Grenzach-Wyhlen Unmittelbar betroffen

Die geplante Einkapselung von Perimeter 2 der Grenzacher Kesslergrube stößt in der schweizerischen Nachbargemeinde Riehen nicht auf Gegenliebe. Foto: BASF Foto: Die Oberbadische

Grenzach-Wyhlen/Riehen (tn). Von der geplanten Einkapselung von Perimeter 2 der Kesslergrube fühlt sich auch die Gemeinde Riehen „unmittelbar betroffen“. Der Gemeinderat der Schweizer Nachbargemeinde fordert in einer dem Landratsamt Lörrach zugegangenen Stellungnahme den Totalaushub der Altlast.

Das entsprechende Papier wurde laut Pressemitteilung am Dienstagabend verabschiedet. Der Riehener Gemeinderat fordert von der Lörracher Behörde, die in der Sache das letzte Wort hat, „die vorgesehene Sicherung des Perimeters 2 zu überdenken und von der zuständigen Firma eine langfristige Lösung zu verlangen“.
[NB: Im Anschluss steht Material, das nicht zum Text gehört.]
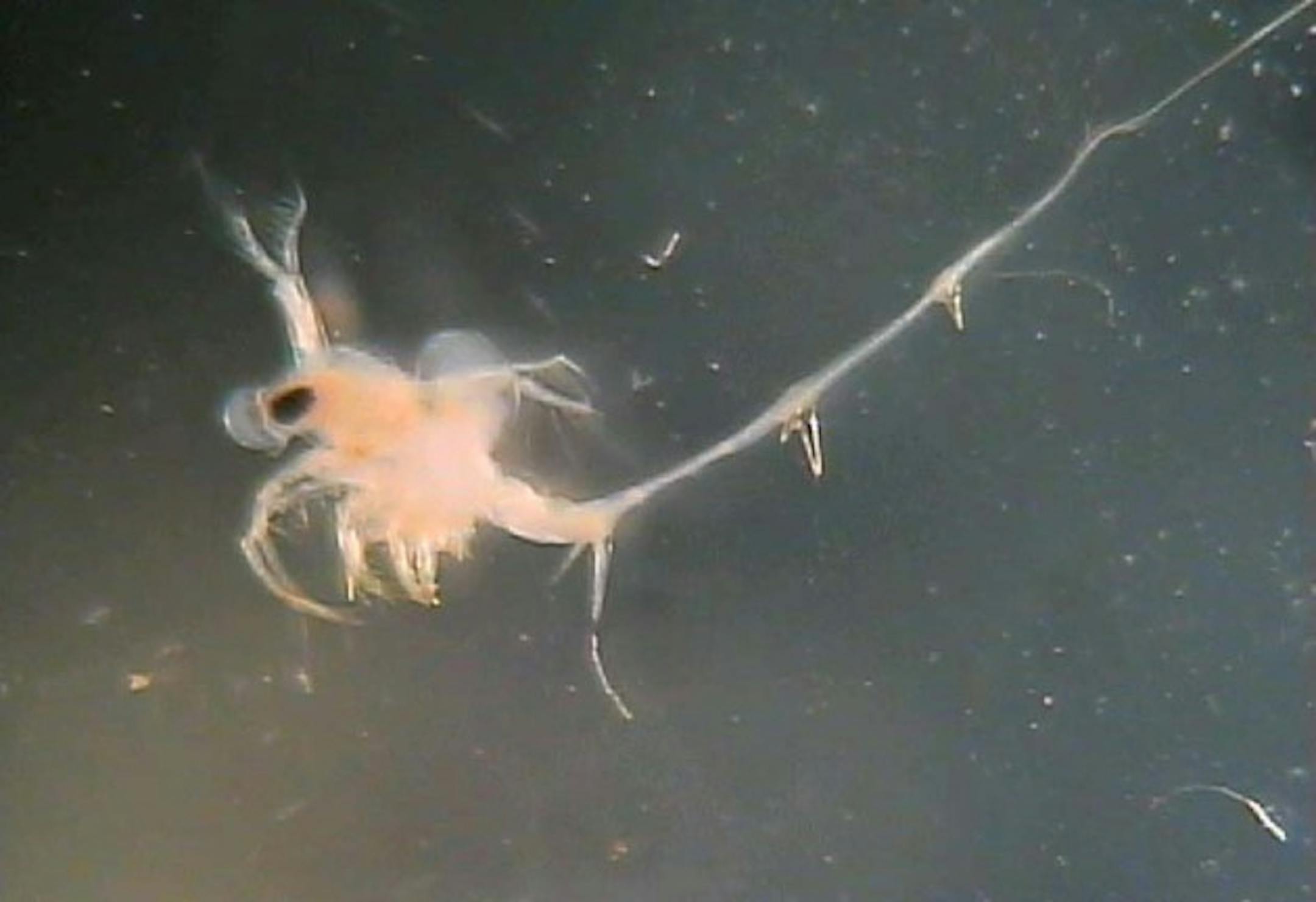 Spiny waterflea is a small planktonic crustacean that disrupts the food web and competes with small fish as it forages on microscopic animal plankton such as daphnia. Because of its long tail spike, the spiny waterflea is not eaten by small fish.
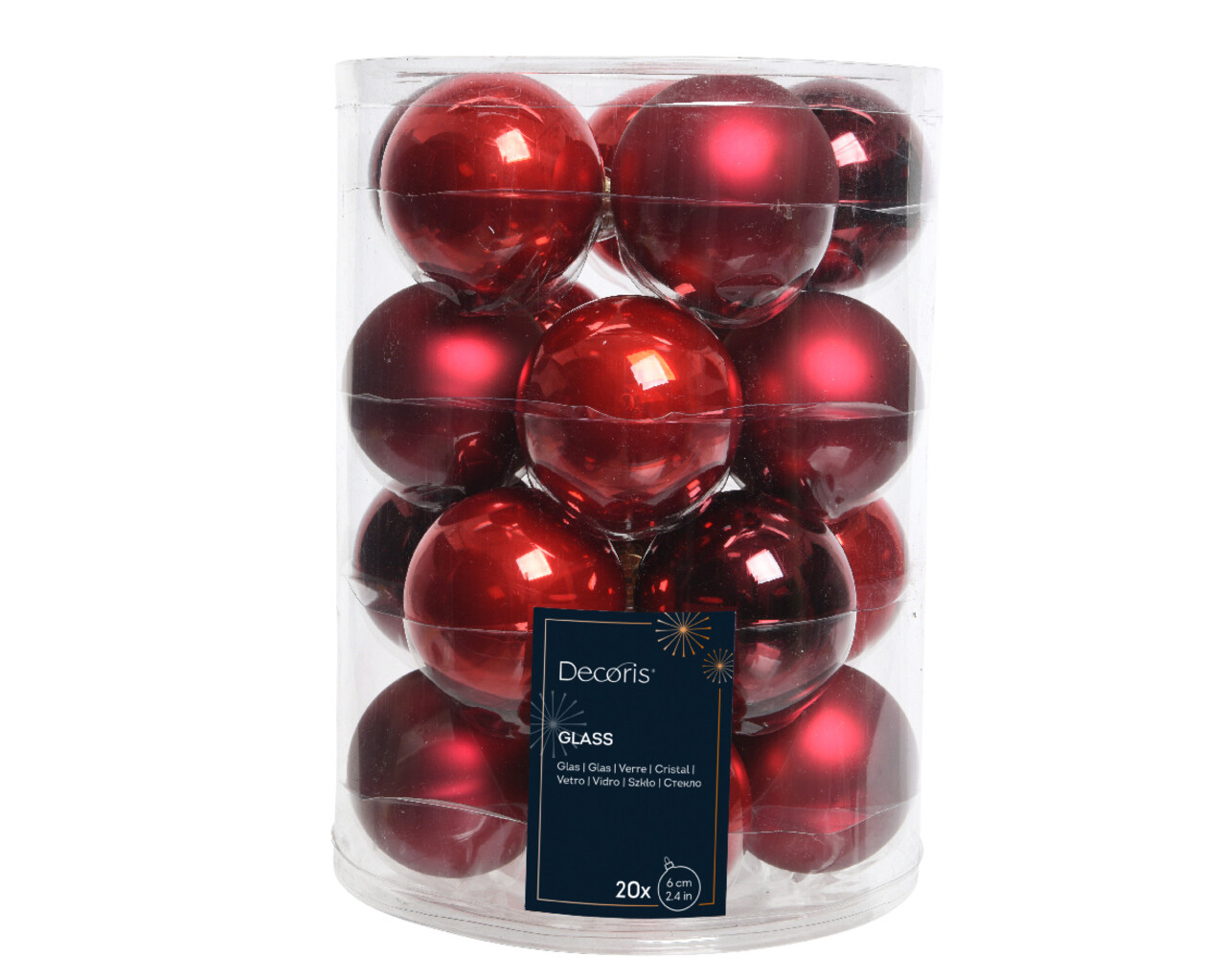 6 globuri rosu inchis cu diametrul 6 cm, finisaj lucios;
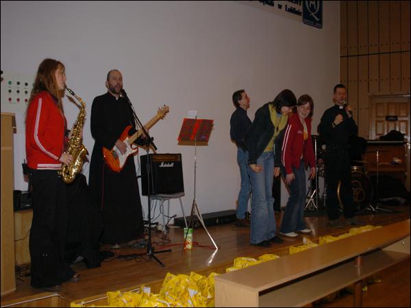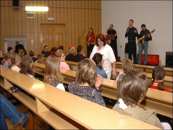 Po uroczystościach liturgicznych odbyło się spotkanie w auli na koncercie w wykonaniu zespołu muzycznego FRA KSA BAND z parafii św. Franciszka Ksawerego w Krasnystawie. Dźwięki rozlegającej się muzyki łączyły się ze słowami piosenek religijnych i radością na twarzy Małych Pacjentów. Wspólny śpiew i towarzyszące im gesty angażowały zarówno wolontariuszy, jak i Małych Pacjentów.
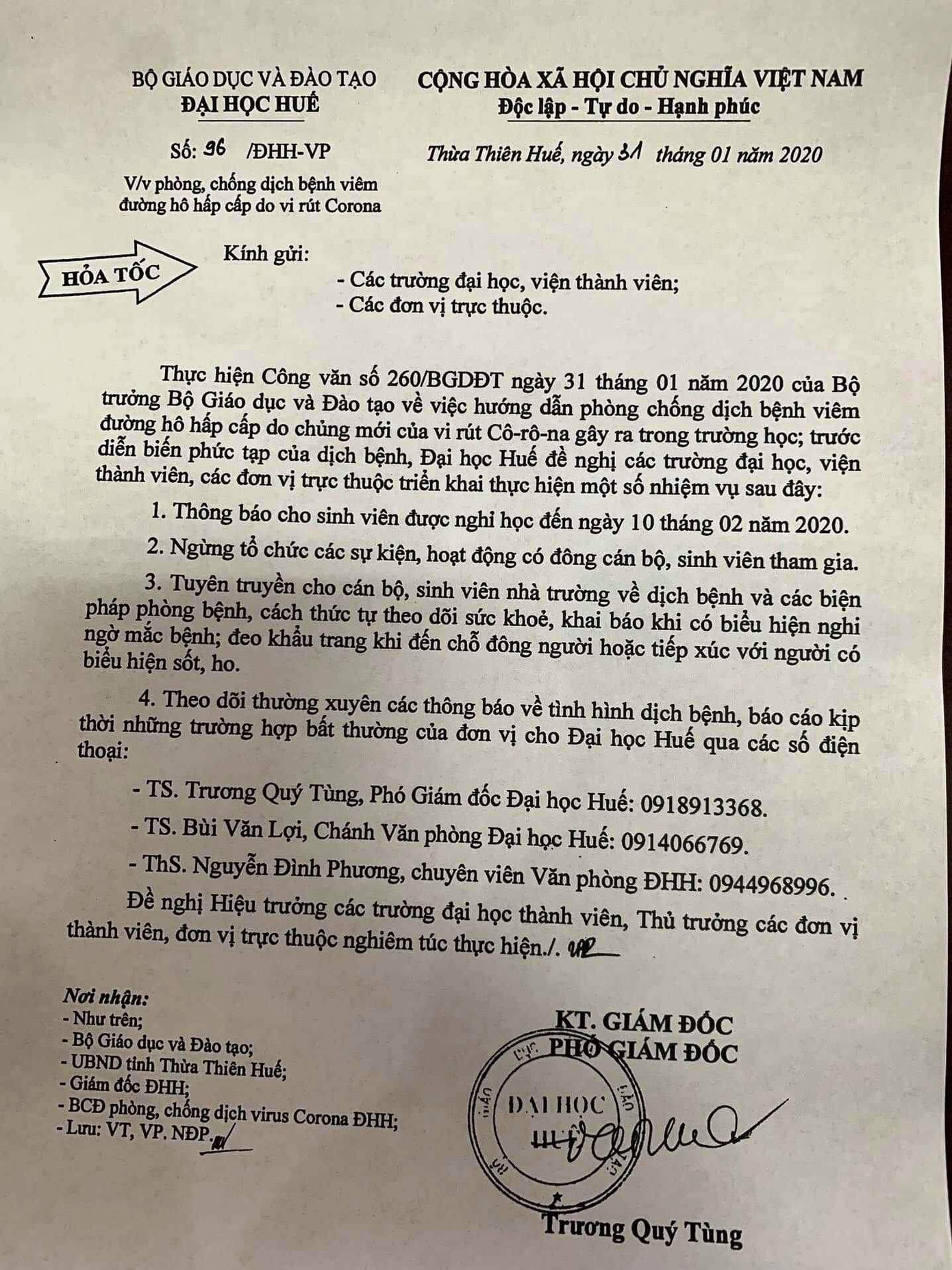 Văn bản số 96/ĐHH-VP do Phó Giám đốc Đại học Huế Trương Quý Tùng ký ban hành ngày 31/1 nêu rõ, thực hiện Công văn số 260/BGDĐT ngày 31/1/2020 của Bộ trưởng Bộ Giáo dục và Đào tạo về việc hướng dẫn phòng chống dịch bệnh viêm đường hô hấp cấp do chủng mới của virus Corona gây ra trong trường học, trước diễn biến phức tạp của dịch bệnh, Đại học Huế đề nghị các trường đại học, viện thành viên, các đơn vị trực thuộc triển khai thực hiện thông báo cho sinh viên được nghỉ học đến ngày 10/2.

Die Gemeinde Riehen beziehe ihr Trinkwasser hauptsächlich über die Grundwasseranreicherung in den Langen Erlen, die mit Flusswasser aus dem Rhein gespeist wird. Die Rohwasserfassung befinde sich rund 2,5 Kilometer unterhalb des Auslaufbauwerks der BASF, wo sich die Kesslergrube befinde. Die Gemeinde Riehen sieht sich daher „von der Sanierung der Kesslergrube unmittelbar betroffen“. „Die nun vorgesehene Einkapselung des Perimeters 2 ist keine Sanierung im eigentlichen Sinne, sondern eine Sicherung der vorhandenen Altlast. Damit wird das Problem nicht gelöst, sondern seine Lösung späteren Generationen überlassen“, hält die Gemeindeverwaltung fest.